The strangest part of last night's dream is that I was in it twice. I was there, experiencing the action and then there was another me, the omniscient observer. As the dreamer of the dream, the real me (at least I'm pretty sure it was the real me) could hear the thoughts of both participant me and observer me and, here's where it gets really strange, I was not agreeing with myself.

The dream took place in a tattoo parlor. I had just received my first tattoo. The dream started just as the artist was wiping down the finished tattoo and saying, "There you're done. Do you want to see it?" Participant me went over to the mirror, took a look and was thrilled with the result. I couldn't stop looking at it and saying things like "it's so beautiful! I love it!" The artist was there beside me equally thrilled with his work. "It turned out so well" he said. "You've got an amazing piece of art."

And while the party over by the mirror celebrated, observer me was less enthusiastic. "I got it on my left calf?" I asked. "I would never get a tattoo on my calf, left or right. And it's so big, look it goes almost all the way to my knee and wraps around the sides." Observing me was not impressed with myself. Participant me then turned so that the tattoo was visible to the other me and we got quite a shock.

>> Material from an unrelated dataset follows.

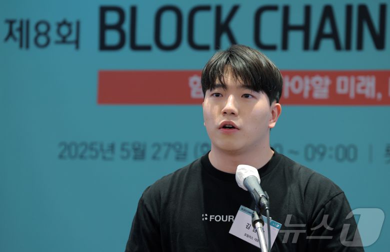(서울=뉴스1) 박정호 기자 = 김남웅 포필러스 대표가 27일 오전 서울 중구 롯데호텔에서 열린 제8회 뉴스1 블록체인 리더스클럽에서 '새 정부에 바란다 - 블록체인과 가상자산에 대한 오해와 진실' 주제발표를 하고 있다. 2025.5.27/뉴스1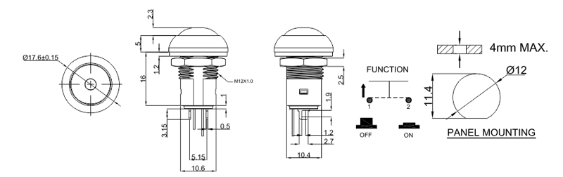 • 防水按鍵開關(guān)PB12A-2-RR-R

What the first me and the artist had been gushing over was the worst tattoo I have ever seen. Inexplicably it featured a life-size tube of toothpaste, a few playing cards and a hand written list done in the artist's own hand writing. I think it was a list of song titles. The other two continued to marvel at the brilliance of this piece of ink while observing me went a little crazy in the corner. "I got that?!" I asked myself (although I don't think I could hear me). "What was I thinking?"

It was certainly an odd experience to watch myself celebrate and rail against a single thing at the same time. Three dimensional me really never would get a tattoo on my calf. I'd be much more likely to go with back of the shoulder. And I think it's safe to say that it wouldn't feature toothpaste, playing cards or song titles.

I checked my leg when I woke up, just to be sure.

Photo courtesy of Jawad Zakariya. Used with permission under Creative Commons 2.0 license.

Saturday, August 11, 2007

a little moving gift

Moving day is getting closer. It's starting to show itself in the growing piles of boxes stacked around the house and in the shadows and spaces where things are missing. Yesterday I decided to get myself a little moving present.

I find comfort in symbol and ritual. I can understand why people build cairns and get tattoos. I came across a quote a while ago that says, "Put something where you can see it so your mind will remind your heart." That really resonated with me. There are going to be times when your heart can't see past your emotions, but if there's something you can look at it can remind the logic in your head of what you already know is true.

To that end, I got this figurine. It's the "Happiness" statue from the Willow Tree collection. What struck me about it is that her hands are open -- she's not holding on to anything. She has been given this incredible moment, one that she would not have been able to experience if she had her arms crossed, or her hands clenched. Instead, she has opened her arms wide. She was ready to receive the gift because her arms weren't already full of other things.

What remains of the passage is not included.